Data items
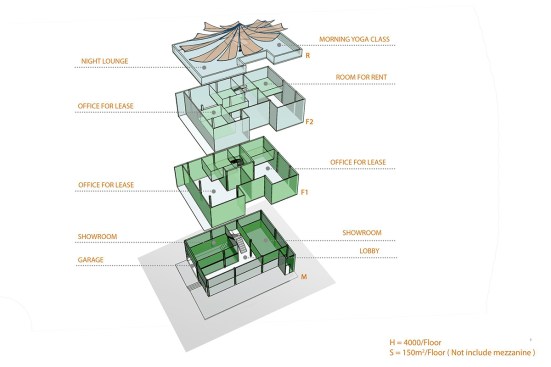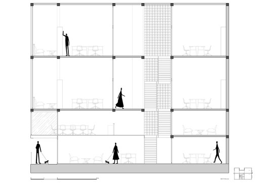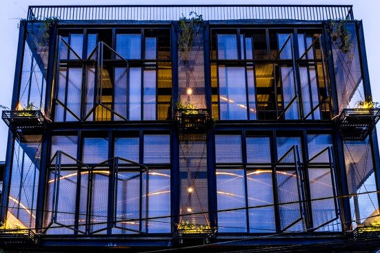 Housing coffee shop, furniture showroom, apartment and office space, as well as a roof top terrace, the steel structure and lightweight sliding and folding panel facade elements allow control of light, shade and air, blurring the boundary between inside and outside.
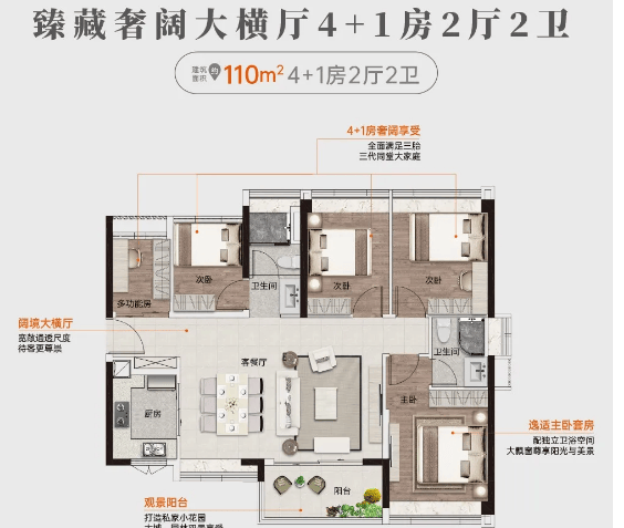 实测实用率高达 93%,通过优化过道、增加飘窗与收纳空间实现零浪费,85㎡做四房、110㎡做五房的设计属区域首创。
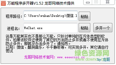 万能程序多开器是一款运行在电脑设备上的电脑程序多开神器,支持微信、酷狗音乐、游戏等多种程序多开,使用简单绿色安全,输入要多开的程序名就可开始多开,轻松解决程序无法多开难题。快来绿色资源网下载体验吧!
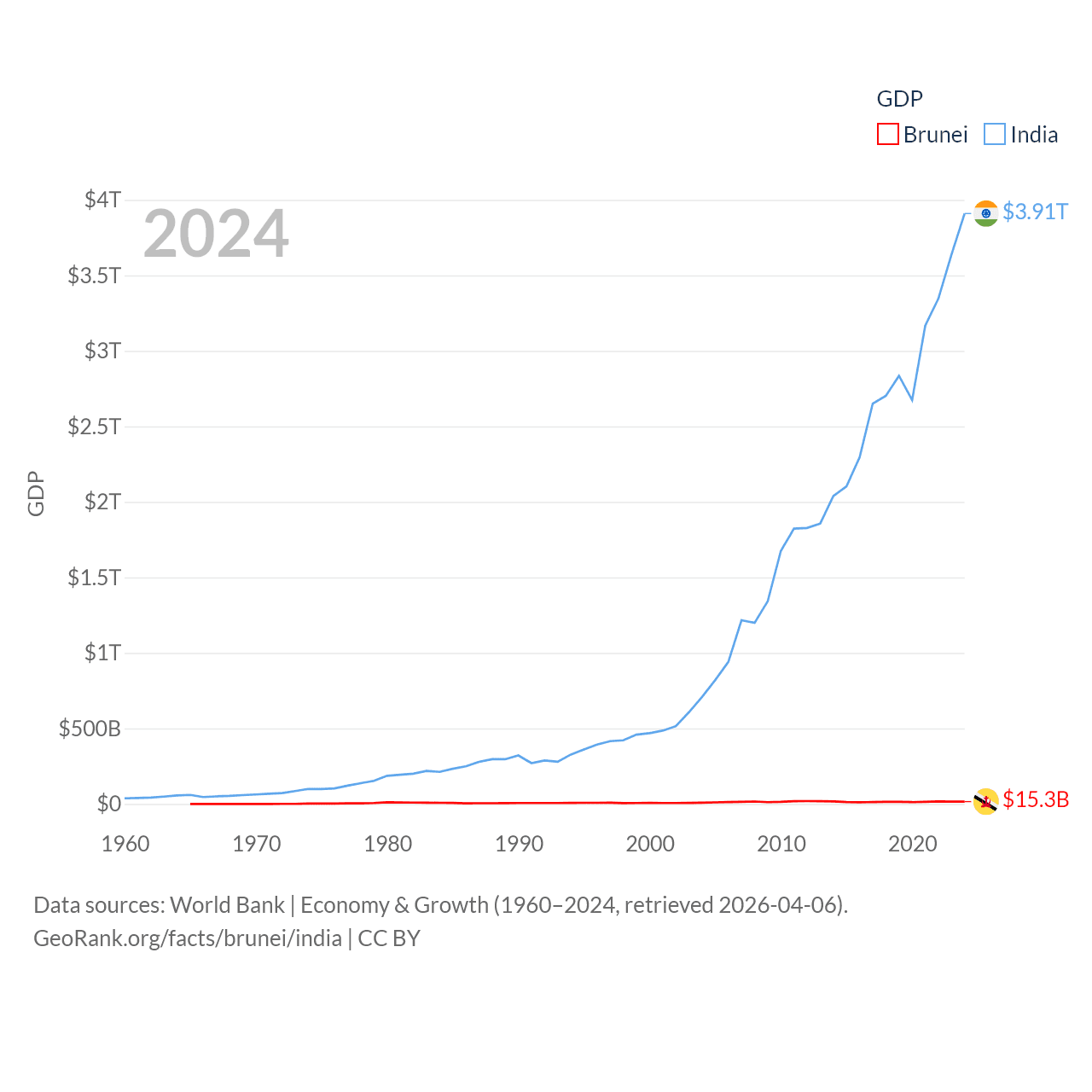 By GDP, Brunei ranks 142/197 ($15.3B) and India ranks 5/197 ($3.91T). By GDP per capita, Brunei ranks 36/197 ($33,153), while India ranks 143/197 ($2,695).
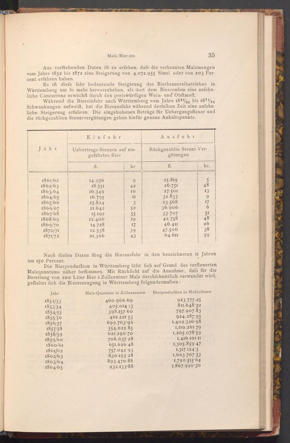Aus vorſtehenden Daten ift zu erfehen, dafs die verbrauten Malzmengen vom Jahre 1852 bis 1872 eine Steigerung von 4,072.955 Simri oder von 203 Percent erfahren haben.
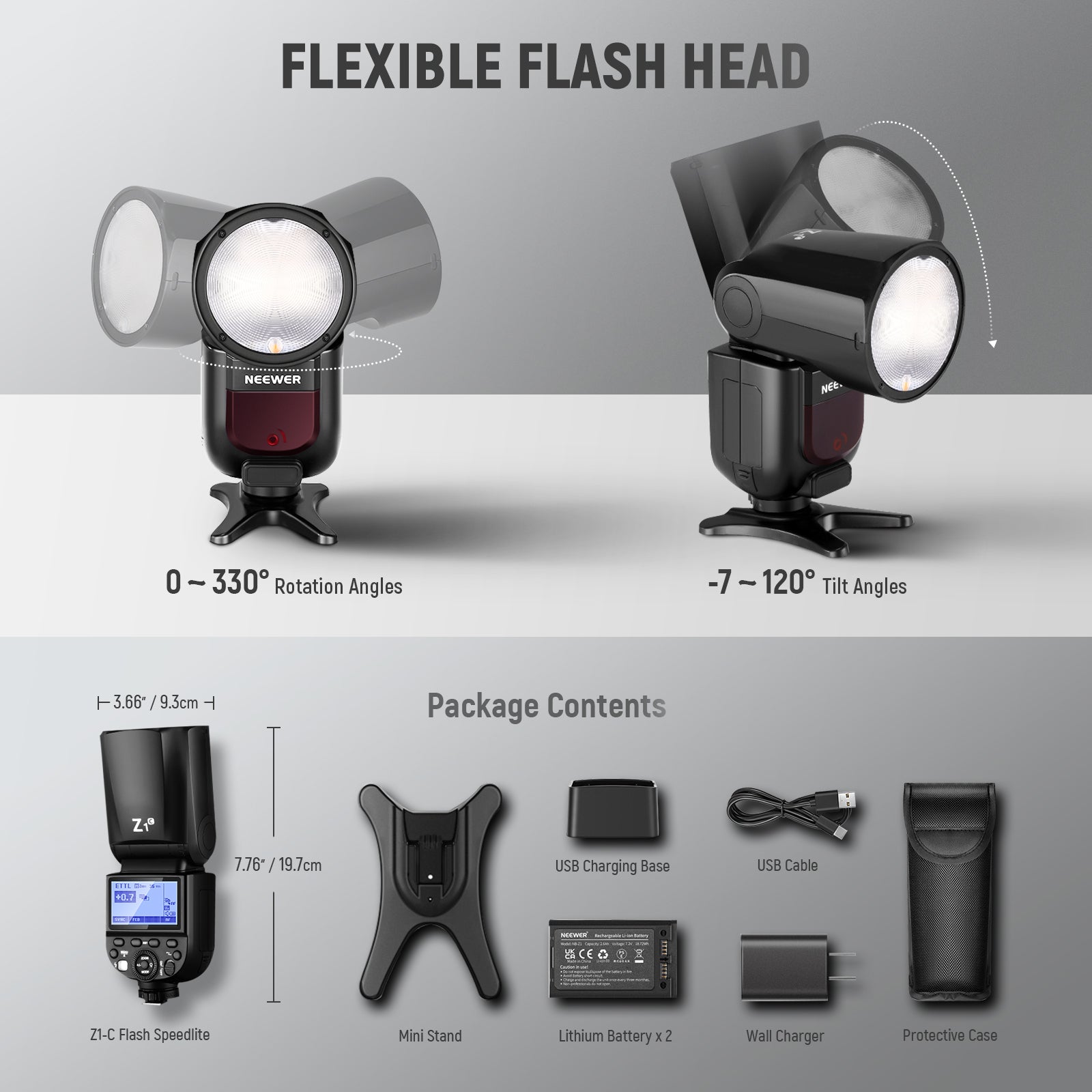 - Potentes funciones: incluyen alta potencia de 76 W, flash automático TTL, flash manual, flash estroboscópico, modos esclavos ópticos (S1/S2), sincronización de alta velocidad de 1/8000 s, sincronización de primera/segunda cortina, compensación de exposición del flash (FEC), horquillado de exposición con flash (FEB), bloqueo de exposición con flash (FEL), flash de modelado y más. El flash se puede ajustar de 0° a 330° horizontalmente y de -7° a 120° verticalmente, lo que le brinda más flexibilidad al disparar
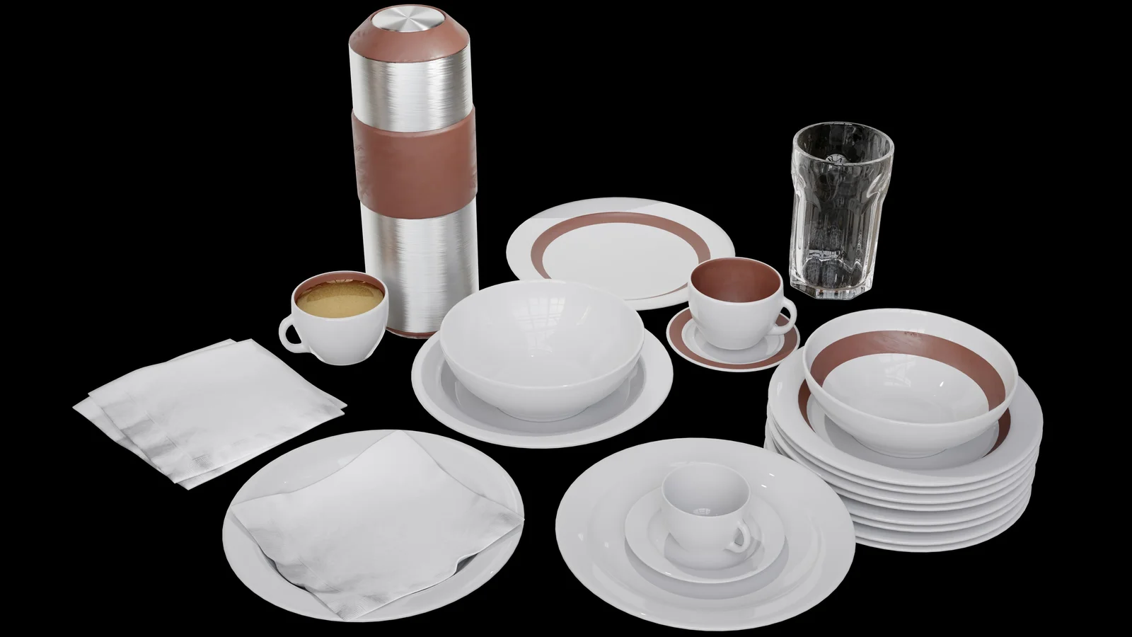 This collection contains a variety of tableware models provided in a single Blender file. The set includes two cups, a thermos bottle, a drinking glass, two flat plates, two deep plates, two small plates, two large soup bowls, a napkin model, and a cup of tea. The included materials are structured to allow for straightforward color customization.

* [Activity] Give the lines again exactly, starting where the entries begin and stopping once the line with "- Potentes funciones: incluyen" is included; pictures are not copied.

* [Written response]
 Housing coffee shop, furniture showroom, apartment and office space, as well as a roof top terrace, the steel structure and lightweight sliding and folding panel facade elements allow control of light, shade and air, blurring the boundary between inside and outside.
 实测实用率高达 93%,通过优化过道、增加飘窗与收纳空间实现零浪费,85㎡做四房、110㎡做五房的设计属区域首创。
 万能程序多开器是一款运行在电脑设备上的电脑程序多开神器,支持微信、酷狗音乐、游戏等多种程序多开,使用简单绿色安全,输入要多开的程序名就可开始多开,轻松解决程序无法多开难题。快来绿色资源网下载体验吧!
 By GDP, Brunei ranks 142/197 ($15.3B) and India ranks 5/197 ($3.91T). By GDP per capita, Brunei ranks 36/197 ($33,153), while India ranks 143/197 ($2,695).
Aus vorſtehenden Daten ift zu erfehen, dafs die verbrauten Malzmengen vom Jahre 1852 bis 1872 eine Steigerung von 4,072.955 Simri oder von 203 Percent erfahren haben.
 - Potentes funciones: incluyen alta potencia de 76 W, flash automático TTL, flash manual, flash estroboscópico, modos esclavos ópticos (S1/S2), sincronización de alta velocidad de 1/8000 s, sincronización de primera/segunda cortina, compensación de exposición del flash (FEC), horquillado de exposición con flash (FEB), bloqueo de exposición con flash (FEL), flash de modelado y más. El flash se puede ajustar de 0° a 330° horizontalmente y de -7° a 120° verticalmente, lo que le brinda más flexibilidad al disparar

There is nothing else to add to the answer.